Honestly, I did not know I would get so attached to Elmo. He really is my little baby and he makes me proud. In the summer, we took very long walks and everybody in the neighborhood knows him. It's so cute when I see a bunch of kids far away saying "Elmo!" and running up to play with him. He loves the attention. There is another woman we met on our walks who said she does not usually like big dogs, but Elmo is the exception. She said he is so sweet and gentle, and that we should consider having him go and visit the elderly or sick people to cheer them up. I was gleeming inside to hear that! 

He is so sweet, intelligent and caring. I expected to love our new dog, but I didn't expect so much in return. I feel like Elmo takes care of me as much as I do of him. If I go to bed and my husband is still awake, Elmo sits outside the bedroom door. If I take a shower, he's waiting for me outside the door. If one of us is upstairs and the other is downstairs, Elmo sits on the landing in the stairs so he is close to both of us. Sometimes, Elmo jumps up on the bed with me and waits for me to fall asleep. Then, he leaves. I have severe arthritis and Elmo knows when I am having a bad day. He is on his best behavior. He also comes up for extra hugs and kisses. I think he knows it cheers me up. 

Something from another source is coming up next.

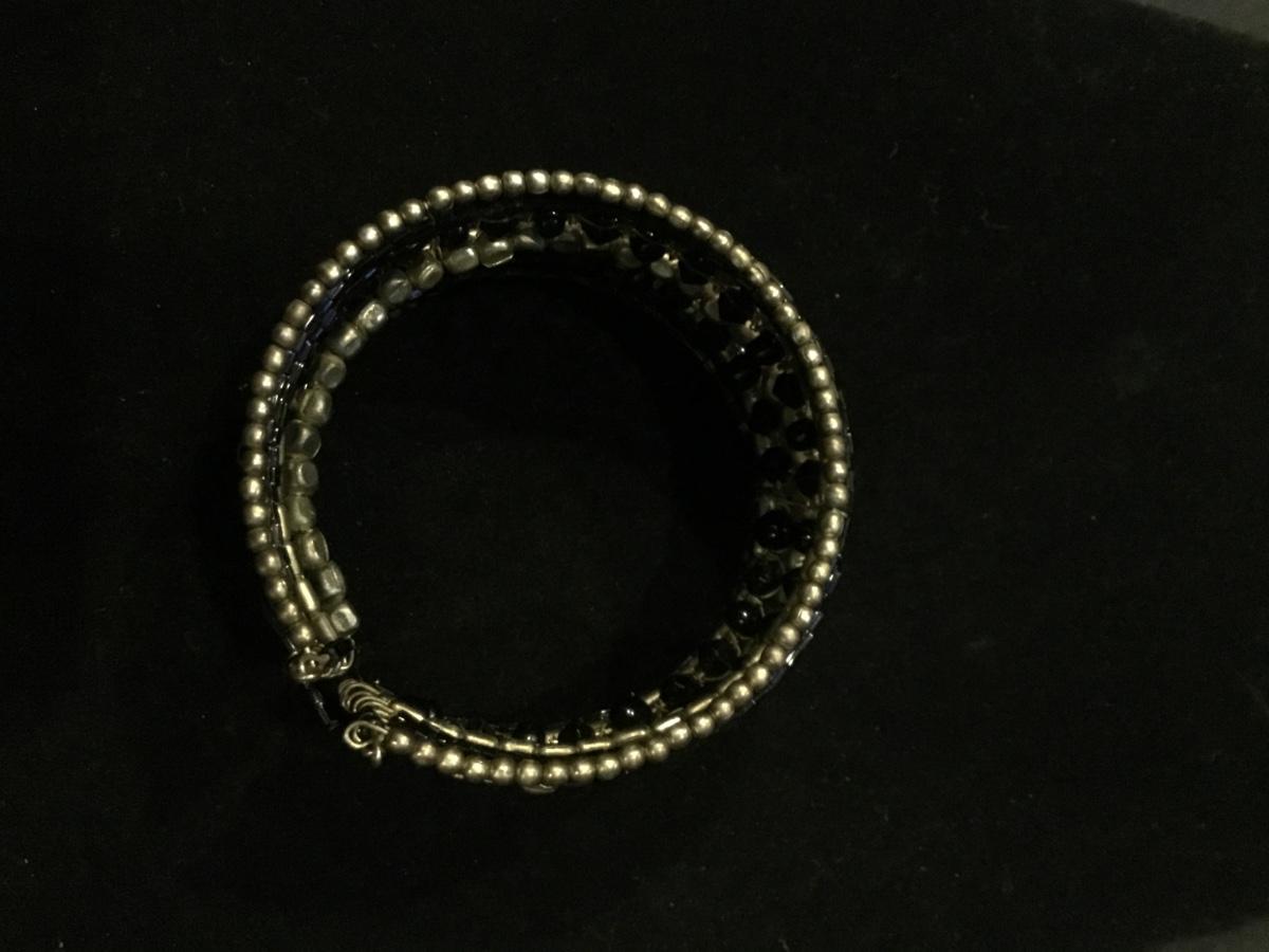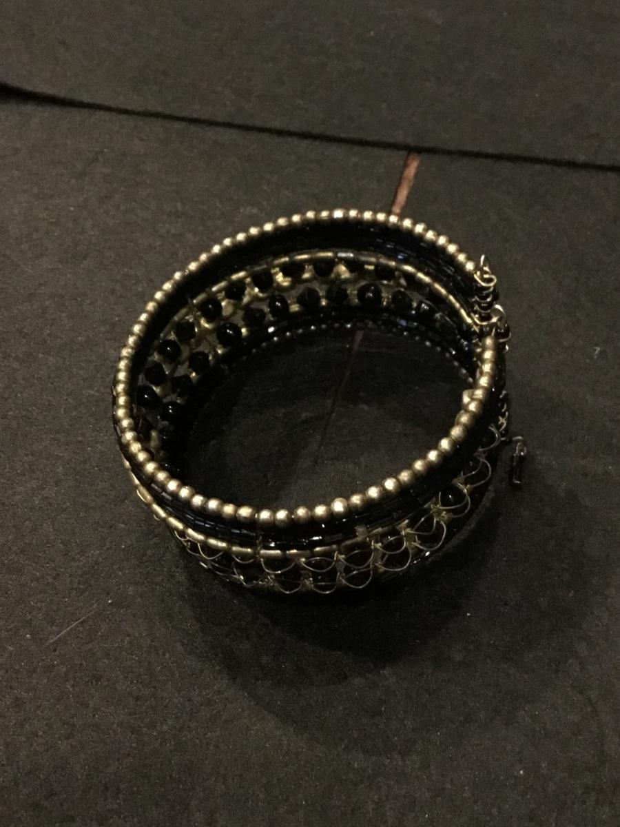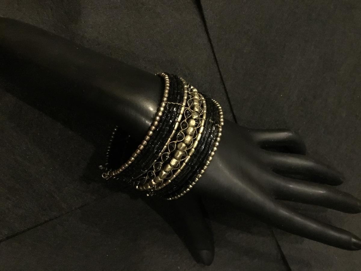 Black and gold tone wire beaded fashion bracelet

Happy Birthday Elmo! We are so happy you have come into our lives. Here are some pictures of our little guy growing up. 

Elmo's first day home


















Elmo meets Molly









First time he sees a tennis ball









You're cute, but when are you leaving?









Look at those feet!









Elmo and Molly









Sitting in his favorite spot then.









Sitting in his favorite spot now.









Elmo loves Molly









I didn't get a hat for my birthday!









I'm so embarrassed wearing this hat









Get this balloon off of me!









This is how Elmo looks 95% of the time. He's always so happy.









My baby is all grown up.


----------



## Kvonducati (Oct 22, 2002)

What a beautiful boy!!


----------



## RussUK (Jun 24, 2007)

what an ace dog


----------



## butterfingers (Jun 5, 2007)

handsome!!!


----------



## Keeyah (Apr 24, 2007)

Happy birthday Elmo!! I love his balloon!


----------



## blackbirdzach (Jan 13, 2008)

Man, what a face. Happy Birthday Elmo!


----------



## bjoy02 (Sep 9, 2002)

Elmo looks very sweet. That tennis ball picture is adorable!
















handsome boy!


----------



## Elmo's Mom (May 21, 2007)

Thanks everyone. Elmo had a great birthday. He got a HUGE bone, a blue dino Cuz which he loves, and a stuffed dog toy. Molly ran off with the bone which is almost as big as her, while Elmo played with his dino. I still can't believe Elmo was just a little bigger than Molly when we brought him home.


----------



## Deejays_Owner (Oct 5, 2005)

Elmo!!


----------